DESCRIPTION OF THE TASK:
All lines below starting at the one that holds "Shein missguided Kahverengi" and ending at the one that holds "- Modèle: Tongs" should be printed exactly, ends included. Pictures should not be printed, nor anything else.

EXERCISE DATA:

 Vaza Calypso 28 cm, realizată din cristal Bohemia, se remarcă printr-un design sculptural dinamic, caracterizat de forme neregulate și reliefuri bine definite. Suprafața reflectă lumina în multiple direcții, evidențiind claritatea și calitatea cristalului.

==

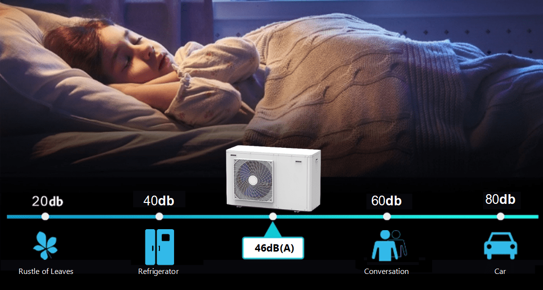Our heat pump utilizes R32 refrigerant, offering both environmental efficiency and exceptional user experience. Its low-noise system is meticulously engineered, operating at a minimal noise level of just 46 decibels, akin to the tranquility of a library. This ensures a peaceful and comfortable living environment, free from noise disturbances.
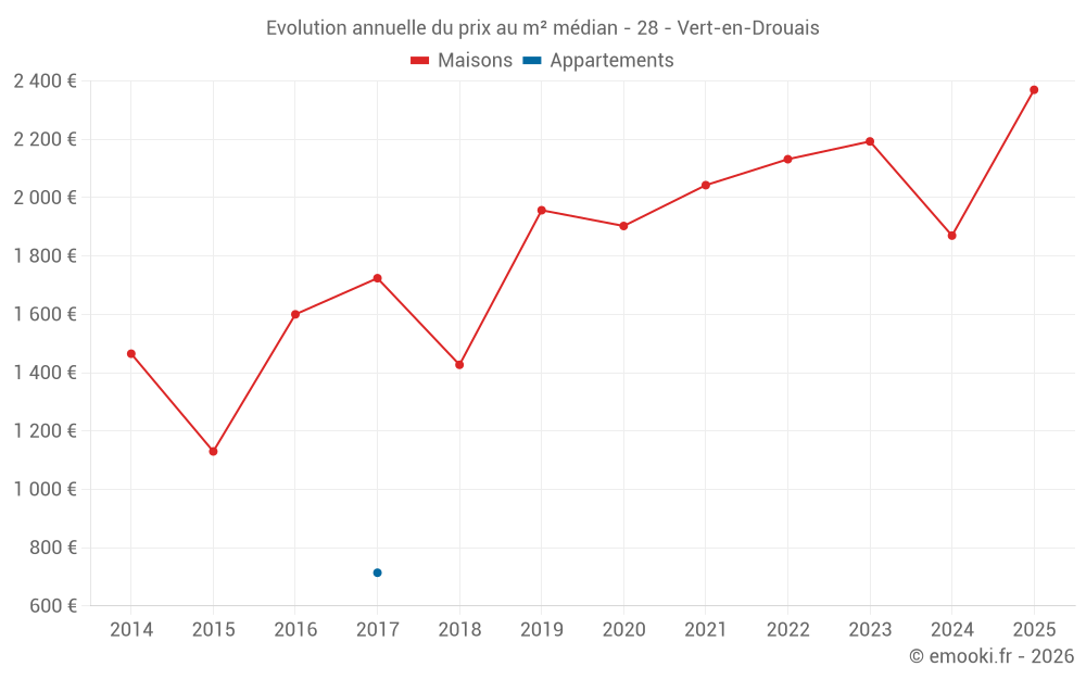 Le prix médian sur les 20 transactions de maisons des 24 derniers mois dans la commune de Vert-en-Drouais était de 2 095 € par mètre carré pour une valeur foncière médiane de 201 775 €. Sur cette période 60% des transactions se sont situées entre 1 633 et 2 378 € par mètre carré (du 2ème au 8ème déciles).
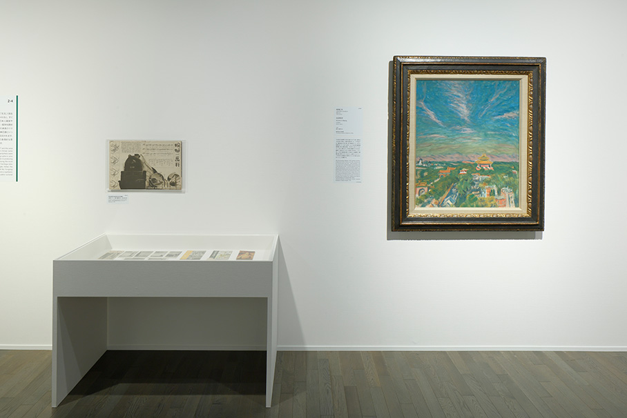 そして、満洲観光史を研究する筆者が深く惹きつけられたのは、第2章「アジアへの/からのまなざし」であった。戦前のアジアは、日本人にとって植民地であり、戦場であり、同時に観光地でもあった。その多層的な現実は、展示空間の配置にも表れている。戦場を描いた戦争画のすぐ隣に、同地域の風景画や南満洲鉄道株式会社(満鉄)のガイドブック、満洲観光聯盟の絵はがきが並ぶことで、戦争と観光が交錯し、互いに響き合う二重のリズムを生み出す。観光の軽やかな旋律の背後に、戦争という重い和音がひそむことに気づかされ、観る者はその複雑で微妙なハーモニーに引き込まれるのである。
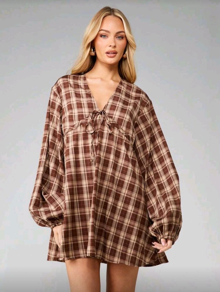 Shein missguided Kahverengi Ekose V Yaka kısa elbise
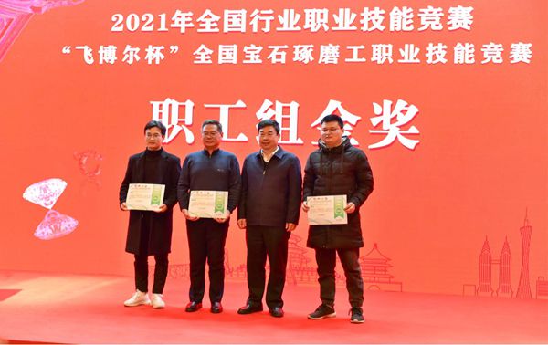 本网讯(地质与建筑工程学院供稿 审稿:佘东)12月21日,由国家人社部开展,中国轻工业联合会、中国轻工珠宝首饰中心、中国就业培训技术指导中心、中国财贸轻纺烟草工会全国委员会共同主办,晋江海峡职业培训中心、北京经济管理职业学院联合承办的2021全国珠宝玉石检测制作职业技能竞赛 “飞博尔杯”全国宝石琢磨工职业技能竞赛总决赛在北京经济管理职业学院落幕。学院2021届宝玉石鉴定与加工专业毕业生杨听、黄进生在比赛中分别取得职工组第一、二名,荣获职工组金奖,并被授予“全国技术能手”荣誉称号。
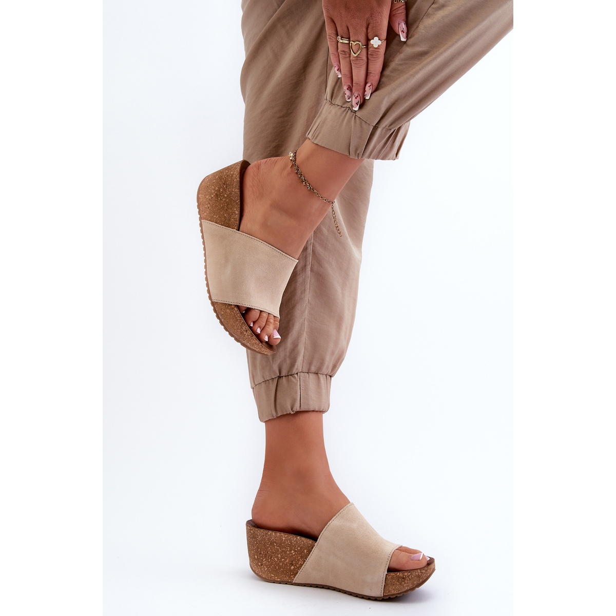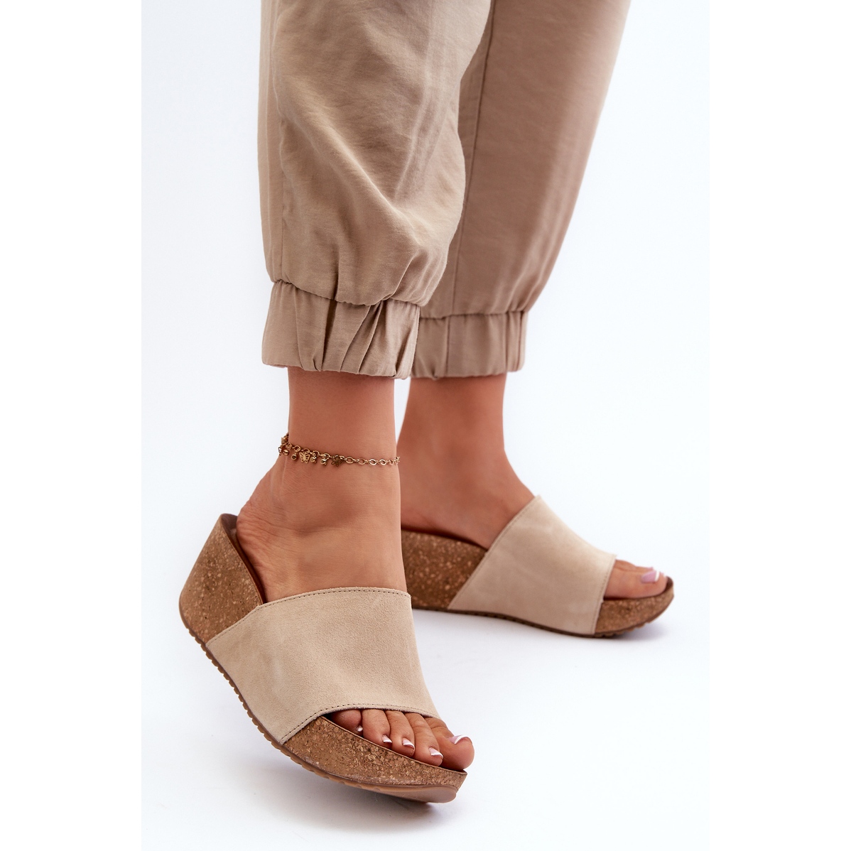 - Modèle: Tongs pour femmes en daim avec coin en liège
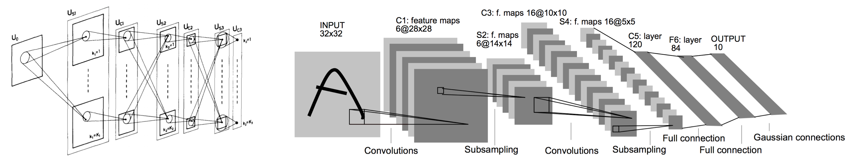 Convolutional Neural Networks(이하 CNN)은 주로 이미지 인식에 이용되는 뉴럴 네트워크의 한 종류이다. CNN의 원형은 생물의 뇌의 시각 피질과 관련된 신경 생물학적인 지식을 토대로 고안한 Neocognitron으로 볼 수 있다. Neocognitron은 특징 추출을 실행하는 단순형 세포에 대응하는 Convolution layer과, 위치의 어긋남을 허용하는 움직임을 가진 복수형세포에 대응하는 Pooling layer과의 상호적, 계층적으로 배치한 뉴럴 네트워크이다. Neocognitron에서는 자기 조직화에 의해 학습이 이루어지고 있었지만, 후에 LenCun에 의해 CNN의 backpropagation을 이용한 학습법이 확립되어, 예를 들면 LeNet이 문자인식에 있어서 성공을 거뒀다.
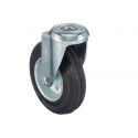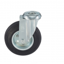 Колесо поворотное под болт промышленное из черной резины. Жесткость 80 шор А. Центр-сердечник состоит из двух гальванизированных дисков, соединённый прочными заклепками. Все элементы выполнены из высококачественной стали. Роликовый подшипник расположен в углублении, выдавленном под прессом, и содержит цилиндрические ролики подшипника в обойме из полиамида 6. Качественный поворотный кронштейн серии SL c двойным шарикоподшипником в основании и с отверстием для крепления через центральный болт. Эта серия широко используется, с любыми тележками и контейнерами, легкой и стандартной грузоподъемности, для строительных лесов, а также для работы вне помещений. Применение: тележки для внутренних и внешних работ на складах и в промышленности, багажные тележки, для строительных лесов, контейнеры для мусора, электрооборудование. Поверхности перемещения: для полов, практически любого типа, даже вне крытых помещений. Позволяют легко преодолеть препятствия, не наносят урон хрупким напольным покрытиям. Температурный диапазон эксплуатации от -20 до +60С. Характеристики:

...

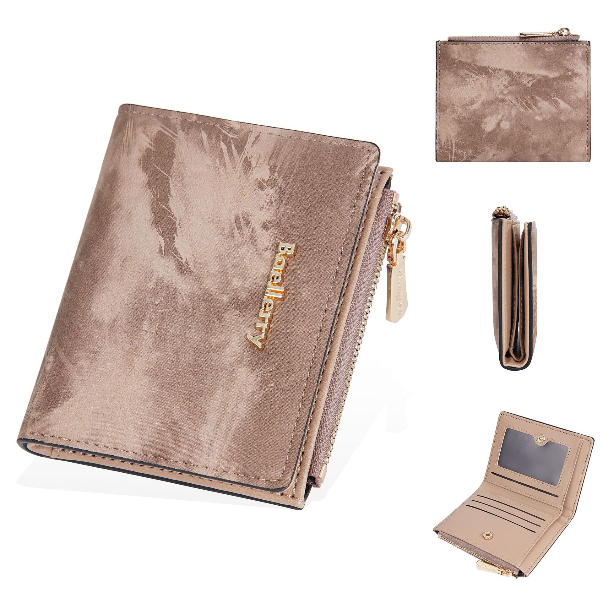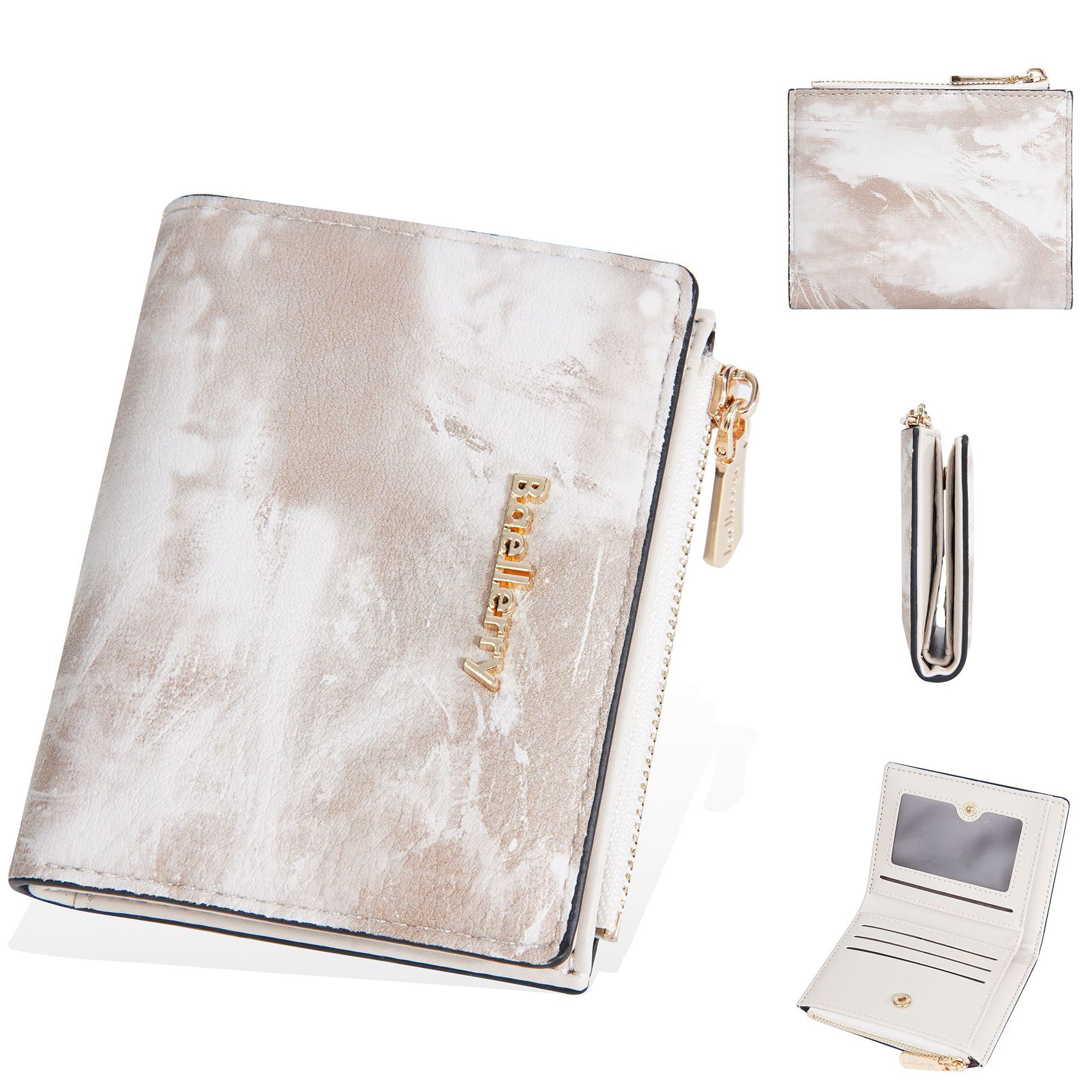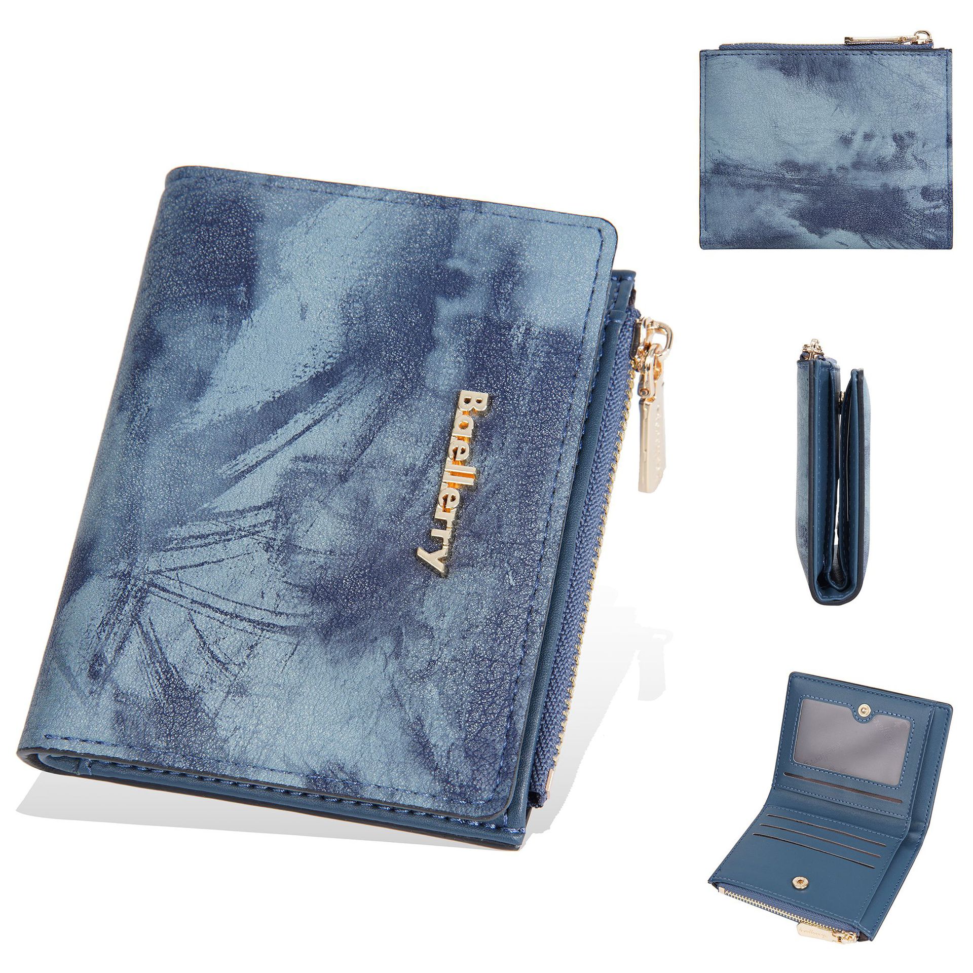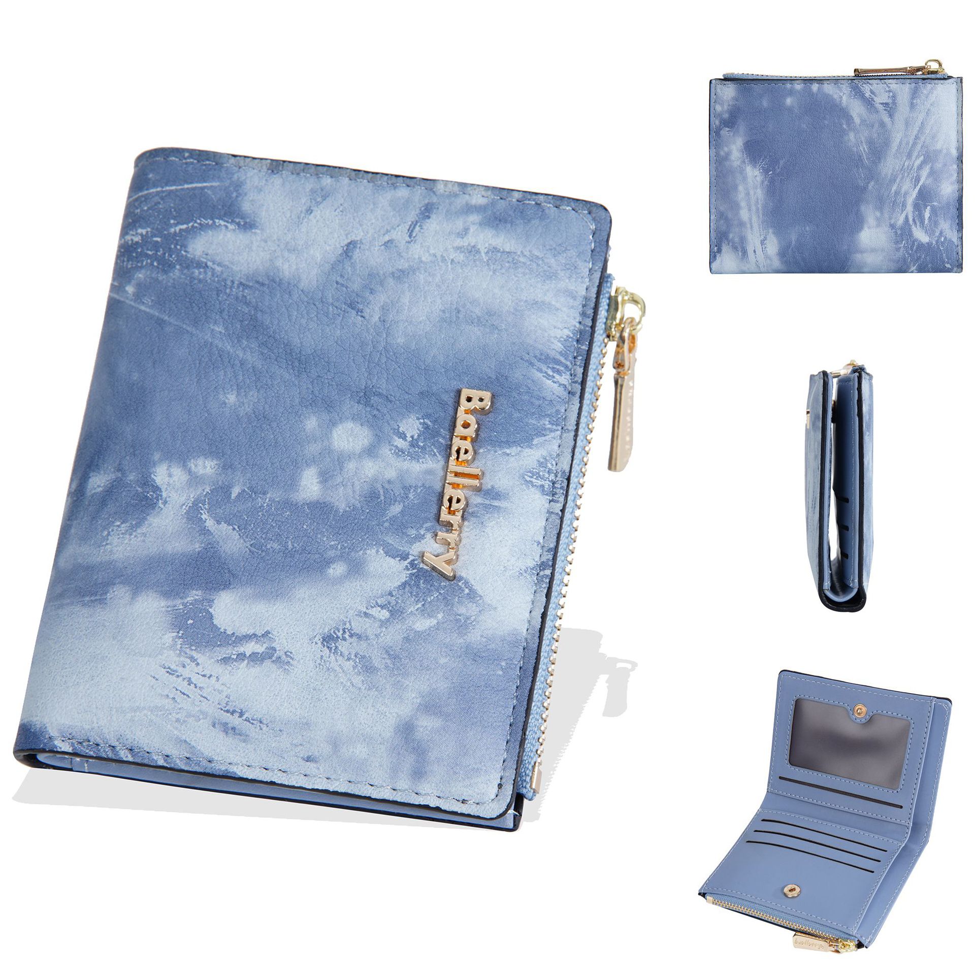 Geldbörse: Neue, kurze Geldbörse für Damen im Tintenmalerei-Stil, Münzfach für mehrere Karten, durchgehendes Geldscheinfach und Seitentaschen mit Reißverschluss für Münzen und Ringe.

SOLUTION TO THE EXERCISE:
 Shein missguided Kahverengi Ekose V Yaka kısa elbise
 本网讯(地质与建筑工程学院供稿 审稿:佘东)12月21日,由国家人社部开展,中国轻工业联合会、中国轻工珠宝首饰中心、中国就业培训技术指导中心、中国财贸轻纺烟草工会全国委员会共同主办,晋江海峡职业培训中心、北京经济管理职业学院联合承办的2021全国珠宝玉石检测制作职业技能竞赛 “飞博尔杯”全国宝石琢磨工职业技能竞赛总决赛在北京经济管理职业学院落幕。学院2021届宝玉石鉴定与加工专业毕业生杨听、黄进生在比赛中分别取得职工组第一、二名,荣获职工组金奖,并被授予“全国技术能手”荣誉称号。
 - Modèle: Tongs pour femmes en daim avec coin en liège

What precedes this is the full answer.